The 180 days of Amit Shah in the Union Home Ministry have witnessed an aggressive review of foreign funding to non-governmental organisations engaged in proselytization or propagation of religious ideals. The home ministry, which had set up an internal multi-purpose committee to review each and every NGO in the country, recently cancelled the FCRA (Foreign Contribution Regulation Act) licences of 1,546.
Licences of the NGOs were scrapped due to their failure in submitting the annual income and expenditure statement on foreign funding.
Interestingly 458 of the NGOs, whose licences were scrapped for major violations in the submission of activities, are based out of Tamil Nadu. Most of them who were working to spread the message of prosperity and religious peace were receiving funds from foreign countries for decades. Some of them were also associated with evangelist organisations.

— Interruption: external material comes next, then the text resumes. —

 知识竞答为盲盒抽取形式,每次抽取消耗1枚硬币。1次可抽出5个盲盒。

Tamil Nadu was found to have the highest number of NGOs, followed by Uttar Pradesh, Andhra Pradesh, Bihar and Telangana.
Home ministry sources say Shah ordered a review after initial reports showed that Uttar Pradesh and Tamil Nadu were receiving massive funds under FCRA. Ministry sources say the government had definite information that the funds were misused and diverted for proselytization purposes.

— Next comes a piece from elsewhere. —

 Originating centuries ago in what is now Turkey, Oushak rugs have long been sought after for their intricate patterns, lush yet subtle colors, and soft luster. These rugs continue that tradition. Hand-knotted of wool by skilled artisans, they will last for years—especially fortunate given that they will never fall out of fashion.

“The FCRA licences of these NGOs were revoked for failing to file annual returns despite repeated notices and mandatory legal requirements,” said a home ministry official.
Sanctions made during the UPA regime were also scrutinised during the reviews, said home ministry sources. During the rallies ahead of the 2014 2019 Lok Sabha elections, Modi and Amit Shah have been zeroing on such misuse of funds which were trained against Hinduism. There were poll rally speeches which reflected the BJP and the RSS poll agenda. Shah’s order for an inquiry was just an extension of the poll agenda.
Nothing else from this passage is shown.